The announcement marks the beginning of the end for the longest war ever fought by the United States, at the cost of 1,500 servicemen killed and hundreds of billions of dollars. However, it will not be the end of the US' presence in the country.

Although Obama spoke of shifting more resources to economic recovery and "nation-building" at home, he did not talk about the growing pressure from the fast-changing political and economic landscape in a war-weary US.

Targeting Obama's re-election campaign, Republican presidential candidates are demanding a swift withdrawal from Afghanistan, while Democrats complain that the cost of the war is siphoning money away from efforts to create jobs.

At the same time, the number of US citizens favoring a rapid withdrawal of US forces from Afghanistan has risen. A new Pew poll shows that for the first time a majority (56 percent) wants US troops to be brought home as soon as possible.
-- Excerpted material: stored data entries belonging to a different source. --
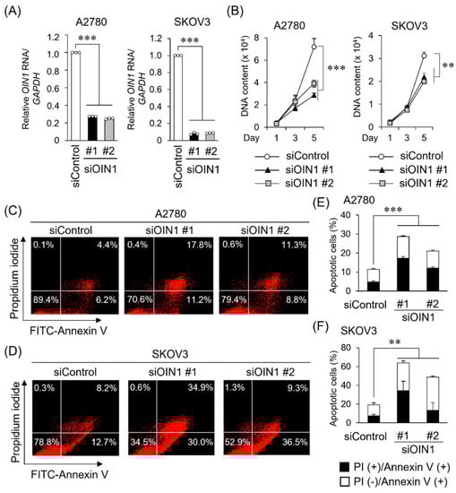 To examine the significance of OIN1 in ovarian cancer, we performed knockdown experiments using OIN1-specific siRNAs (siOIN1 #1 and #2). OIN1 expression was substantially decreased by these siRNAs in A2780 and SKOV3 cells as analyzed by qRT-PCR (Figure 2A). We showed that the siRNA-mediated OIN1 knockdown significantly suppressed the proliferation of these A2780 and SKOV3 cells (Figure 2B). Conversely, the exogenous expression of OIN1 promoted the proliferation of A2780 and SKOV3 cells (Figure S1A–C,F). We next examined whether OIN1 knockdown modulates the apoptosis of ovarian cancer cells. As analyzed by flow cytometry, OIN1 knockdown increased annexin V-positive fractions in A2780 and SKOV3 cells (Figure 2C–F). The expression levels of an apoptosis marker, cleaved PARP1 protein, were increased in OIN1-silenced A2780 and SKOV3 cells (Figure S2A,B). In addition, the mRNA expression of anti-apoptotic B-cell lymphoma 2 (BCL2) was downregulated, and the ratio of the expression of proapoptotic BCL2-associated X, apoptosis regulator (BAX) to BCL2 was increased in OIN1-silenced cells (Figure S2C–H). These results suggest that OIN1 promotes proliferation and suppresses apoptosis of ovarian cancer cells.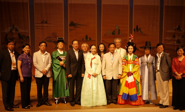 Group photo of the delegation and artists performing traditional music and dance at the National Centre for Korean Traditional Performing Arts.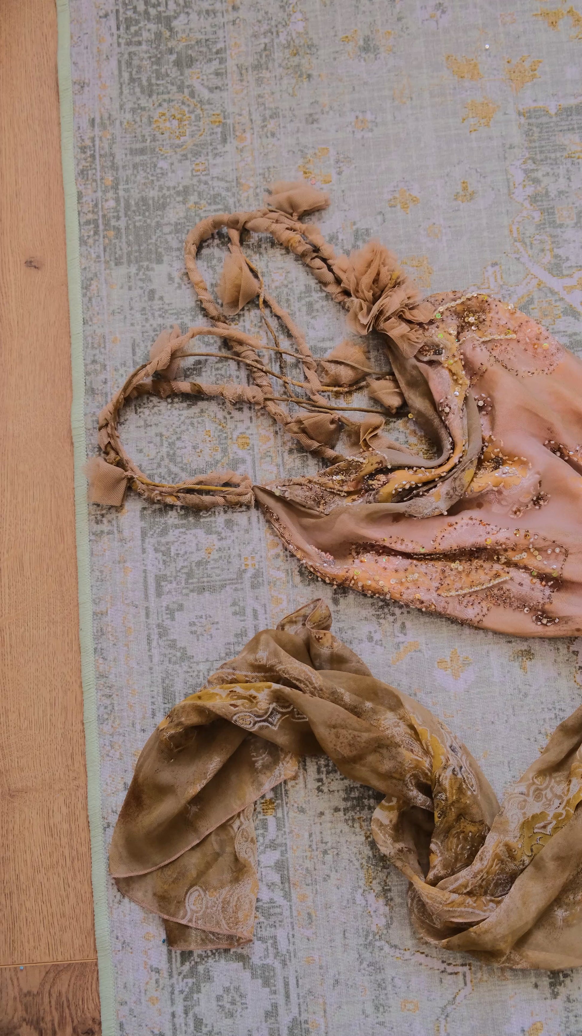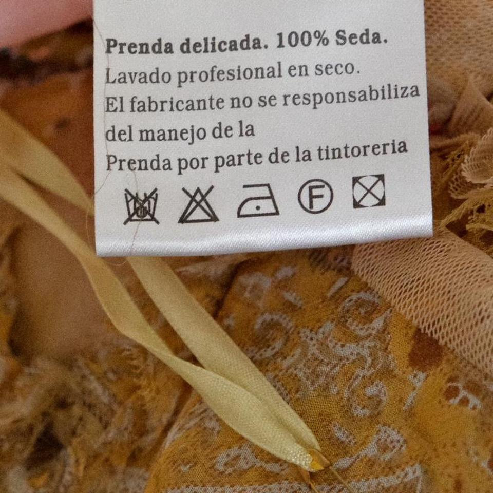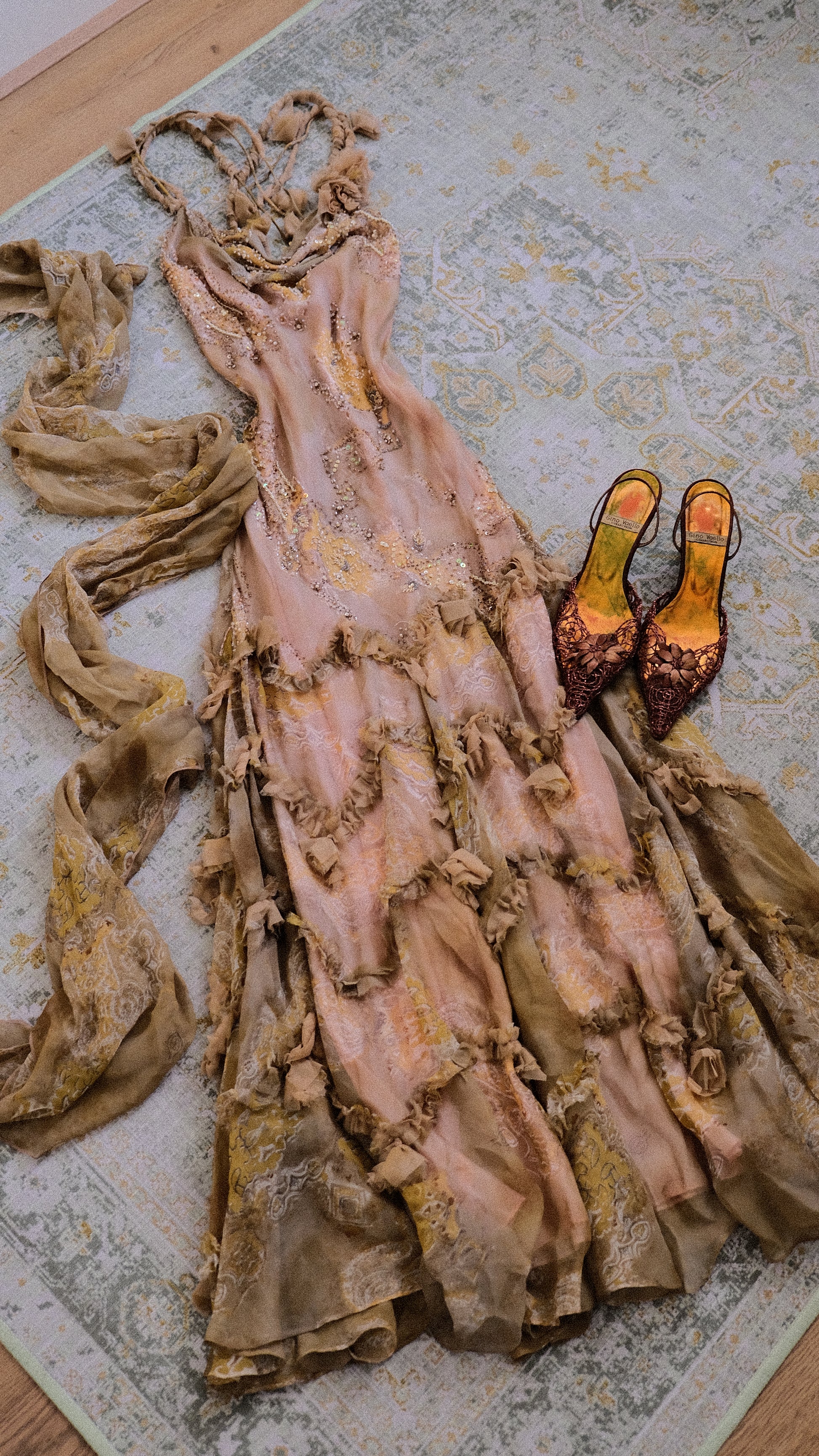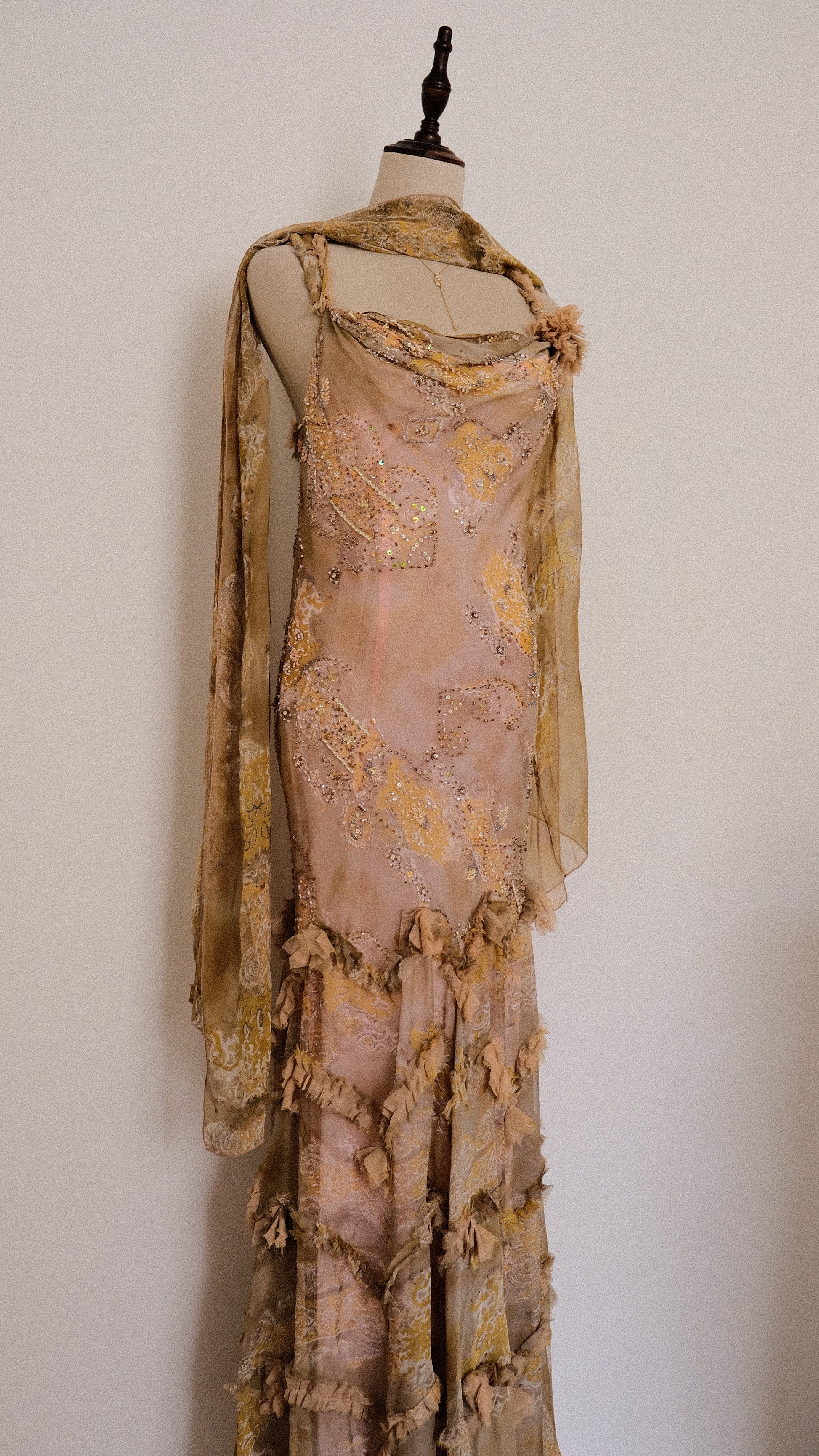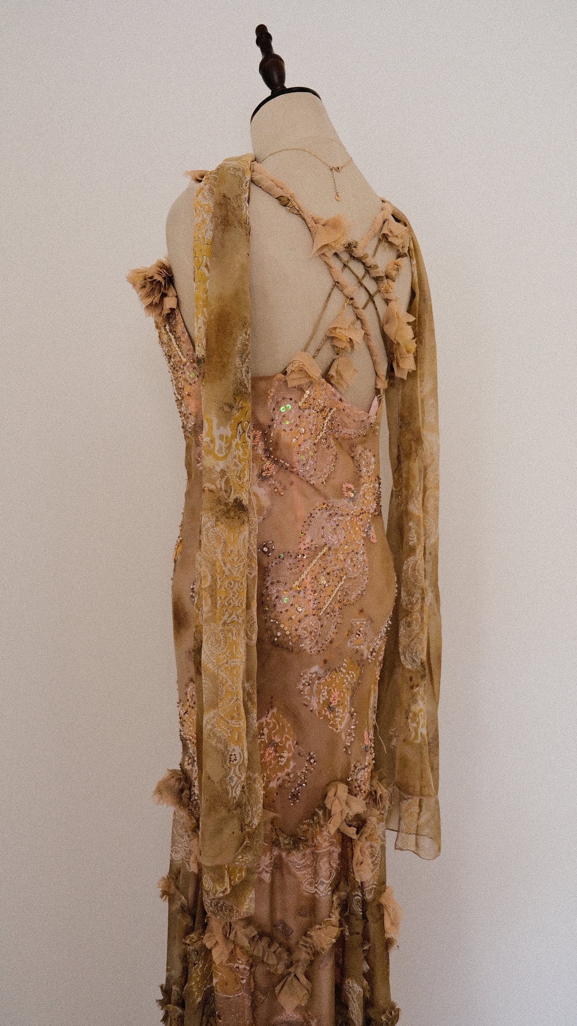 A beautiful NWT vintage Spanish dress in a brown caramel color palette. The dress has ruffled detailing and is covered here and there in beads.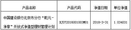 中国建设银行北京市分行“乾元-净享”开放式净值型理财管理计划净值公布如下: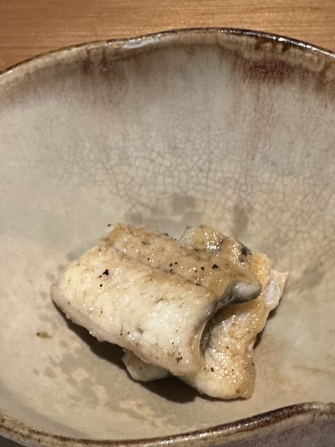 お酒と共に、お通し?先付の鱧の湯引きが出され、日本酒と共に頂きます。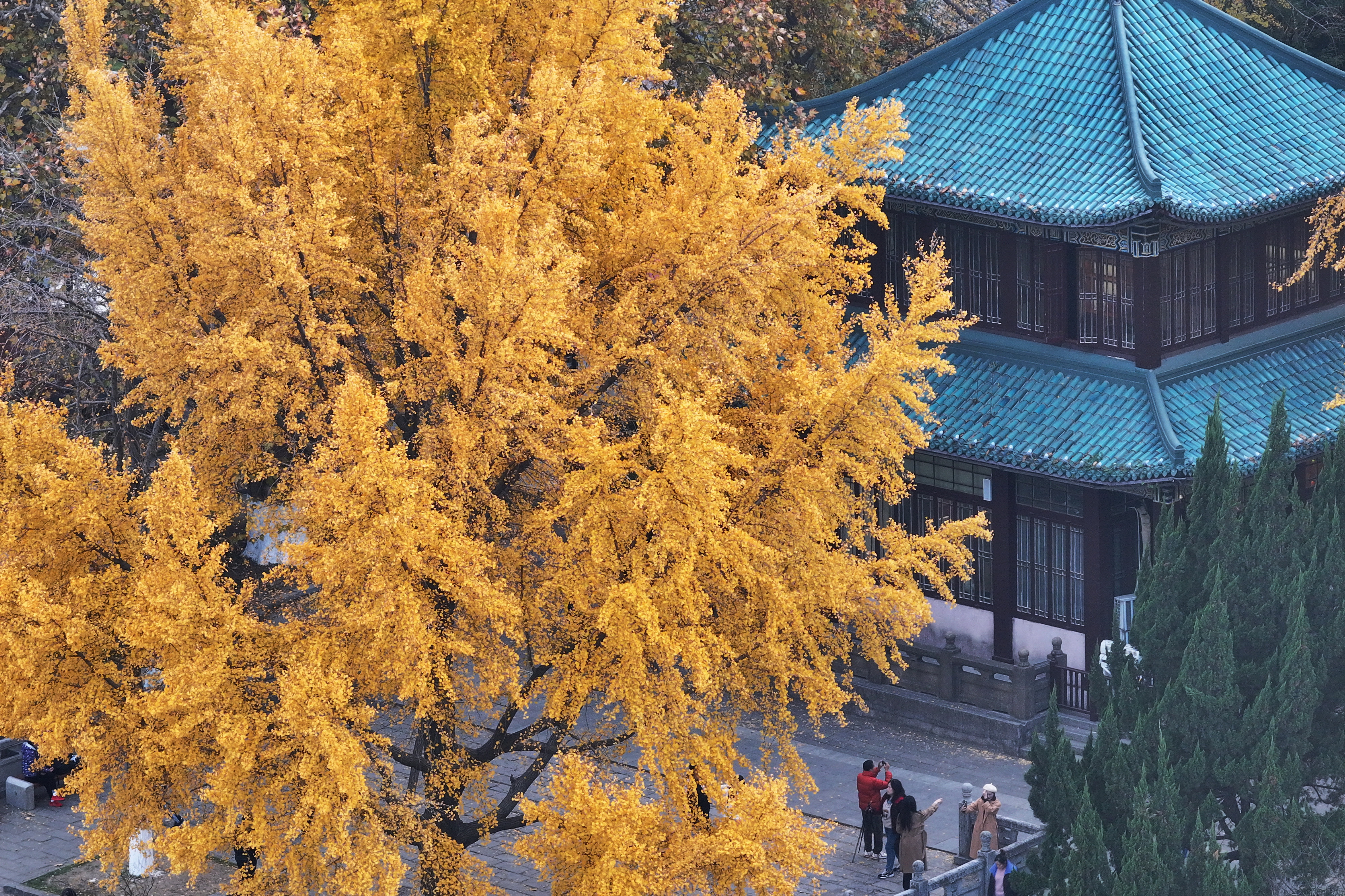 Bright golden ginkgo leaves are adorning the renowned Xuanwu Lake this winter, creating a picturesque scene in Nanjing City, Jiangsu Province. Situated near Nanjing Railway Station, Xuanwu Lake Park is home to many temples, pagodas, pavilions and gardens, as well as a diverse variety of flora and fauna, presenting captivating scenery all year around. Once an imperial lake garden, the area is now a popular city park in the downtown area.

Therefore, the decision to withdraw US forces from Afghanistan has been timed to win Obama more support from voters.

He has in effect acknowledged that the US has forfeited the ambitions it had when it started the war in Afghanistan almost 10 years ago.

The US may have won the war in terms of having toppled the Taliban regime, but given the fragility of the government in Afghanistan and its inability to provide basic social order and security and the danger of a Taliban resurgence, it may lose the peace.

However, the US still has a long way to go before it can shrug off its responsibilities in Afghanistan. Even after it completes scheduled troop cuts next summer, two-thirds of its armed forces will remain, along with dozens of military bases, because Afghanistan's geopolitical position is too important for the US to ignore.

That's why Obama said troop reductions would continue "at a steady pace" until the US hands over security to the Afghan authorities in 2014. And it is not a surprise that the US government has stepped up efforts to strike a deal with the Taliban in order to form a sort of power-sharing political framework for the country.

Afghanistan, in the foreseeable future, will still be an important part of the US global strategy, where it is an ideal location for the US to maintain a political and military foothold in Central Asia.